The BIG GLITCH manifested as a routing problem at the point in the district central office where all of the new switches link up with the "legacy" part of the network. After a couple hours of troubleshooting it became apparent that we could have the North half of the upgraded network and the "legacy" network talking, or the North and South halves of the network talking, but not all three at once. (Lemme tell you, it is really demoralizing to see routes start vanishing from your route table it's like looking at a map and seeing roads disappear off of it in front of your eyes).
The fix was pretty direct, once I thought of it (and eerily similar to what we had to do to stabilize the ATM network back in the spring of 2000 when we made a big ATM routing change). We're running OSPF (Open Shortest Path First) as the routing protocol that all the switches and routers use to tell each other about the layout of the network. There was some kind of problem with how the routers at the joining point were sharing information. The solution was to create a new joining point between the upgraded network and the "legacy" network. The new join is a subnet with just two routers on it (picture a single bridge joining two islands) using the RIP v2 routing protocol. This effectively cleaved one big OSPF network into two smaller OSPF networks with a lingua Franca shared by two routers to make the two share information back and forth.
After some more fiddling to get traffic to go to the correct Internet connection, things have settled down. At the end of the day Pat and his team had finished upgrading the last site (Central Library), and Kevin and Gary had diagnosed the link problem between Sanchez and Park Library. One of the plastic connectors (called a bulkhead) in the fiber-optic connection box where we plug into the fiber from the street. Something was just amiss with it. When they tested the fibers with the calibrated light source and optical power meter they found that one strand on the run from Park to Sanchez had a 4 dB loss, while the other side had something around a 17 dB loss. Long-haul gigabit Ethernet adapters can tolerate a 8 dB loss, and as the decibel scale is logarithmic, the difference between -8dB and -17dB is a signal that's, um, 1/1,000,000,000th as strong. Kevin scrounged a replacement bulkhead, and both strands of fiber tested out at -4dB. That was more than good enough: the link has been running without errors all evening.

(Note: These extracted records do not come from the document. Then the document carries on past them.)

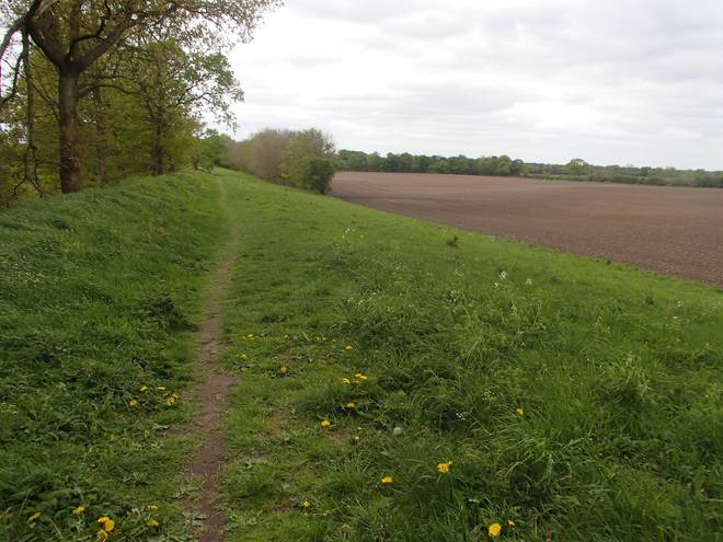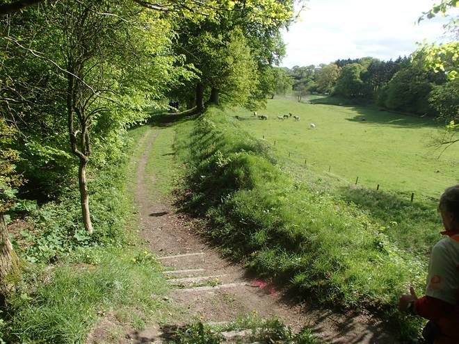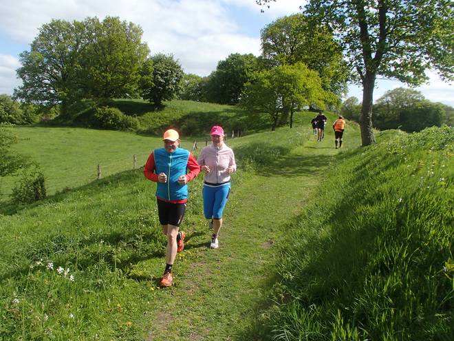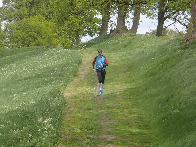 Hauptwall Runde 1 10.13 Uhr / Km 1,4 Ein kleines Stückchen Wald. Gelaufen wurde hier oben auf dem Wall. |
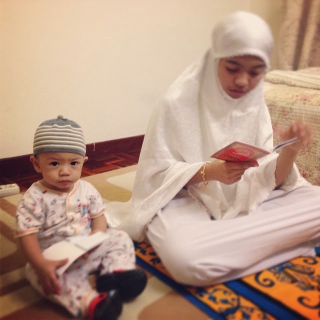 Lepas Maghrib ibu baca Yassin, ayah pula baru nak solat Maghrib.. Nak bagi si kecik duduk senyap xpegi maner2,ayah pakaikan kopiah,bg buku nota satu terus senyap...hehe behave anak ibu nie.. Lepas ibu habis baca yassin,suruh dia tadah tangan baca doa..terus takmau suruh ibu buka telekung sebab nak peluk...aisehhh man..
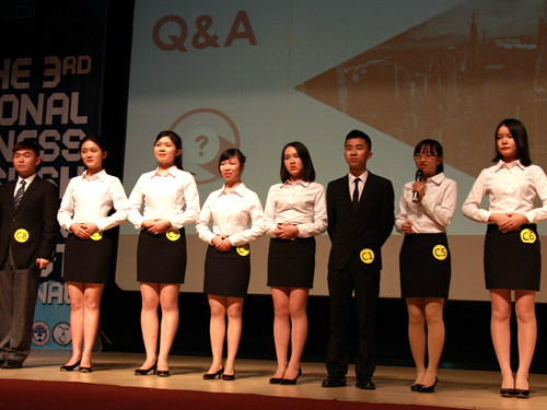 紧接上场的是湖南大学参赛队伍Super7+1,他们将目光锁定在今年8月中国电商行业和零售行业内的一次引人注目的合作上——阿里巴巴和苏宁云商宣布携手“闪婚”。回想昔日阿里物流难,苏宁愁上线的境况,Super7+1敏锐地感受到本次两大电商合作的特殊意义。在讲演中,Super7+1通过与众不同的Q&A的方式对这场“联姻”是否合适、是否长久作出了有理有据的评判。而更难能可贵的是,Super7+1经过充分的调研,在两大电商利好宣传的背后,解读出了“联姻”中的问题弊端,并提出了新颖的观点和详实的改进方案。Super7+1认为“联姻”后的“Ali-Su”可以将业务范围拓展至农村地区,并通过“Offline Club”的方式在农村生产和城市消费间搭起连接的桥梁。Super7+1以独具创意的讲演、清晰明了的表达和轻松愉快的台风获得了评委们的赞许。
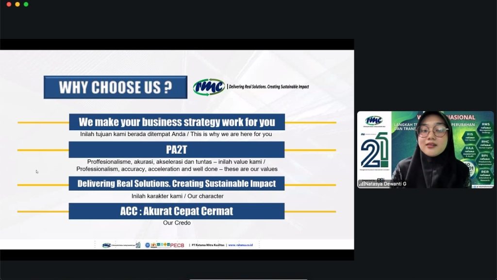 Kolaborasi antara RMC sebagai konsultan dan BSII sebagai lembaga yang memiliki kompetensi dalam bidang standar dan sertifikasi memberikan nilai tambah dalam penyelenggaraan webinar ini. Sinergi ini menghadirkan perspektif yang lebih lengkap, mulai dari pemahaman implementasi hingga kesiapan organisasi dalam menghadapi proses audit dan sertifikasi.
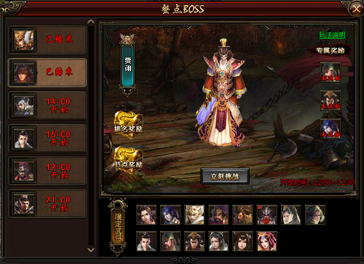 整点BOSS每个整点刷新,每个BOSS都有限定的上阵武将,同时,如果上阵指定的专属武将,伤害达标后,除了获得常规参与奖励,还能获得专属武将奖励。
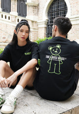 OVERSIZED EMBROIDERED GLOW IN THE DARK BEAR COTTON JERSEY TSHIRT
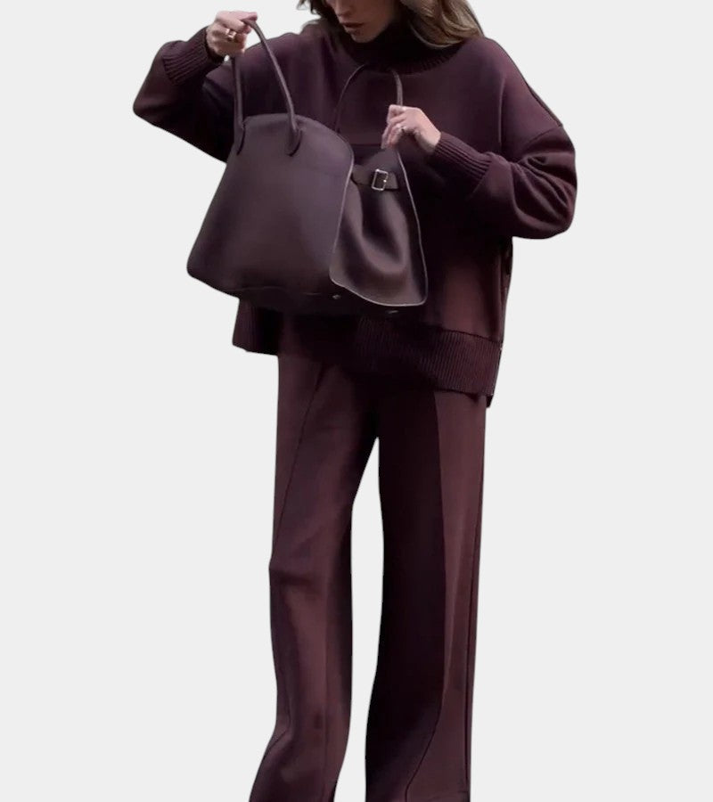 Mavella – Dámská teplá souprava s vysokým límcem a širokými kalhotami – Luna Boutique

Of course, the real test will come Tuesday morning when everyone is back at work and all the kids are back in school. It's been a grueling five months, with this project starting right on the heels of school construction (which is still ongoing). Perhaps that's why I'm not feeling elated. We did it. It works. It needs some tweaking for performance reasons, but it's working. Maybe I'm gun shy about celebrating because I fear that there is another shoe left to drop.
Best line of the day (if I may be so self-congratulatory) -- me to Ron at about 12:30 shortly after we fixed the BIG GLITCH: "The cold knot of dread in my stomach has been replaced by a ravening hunger. We need lunch!"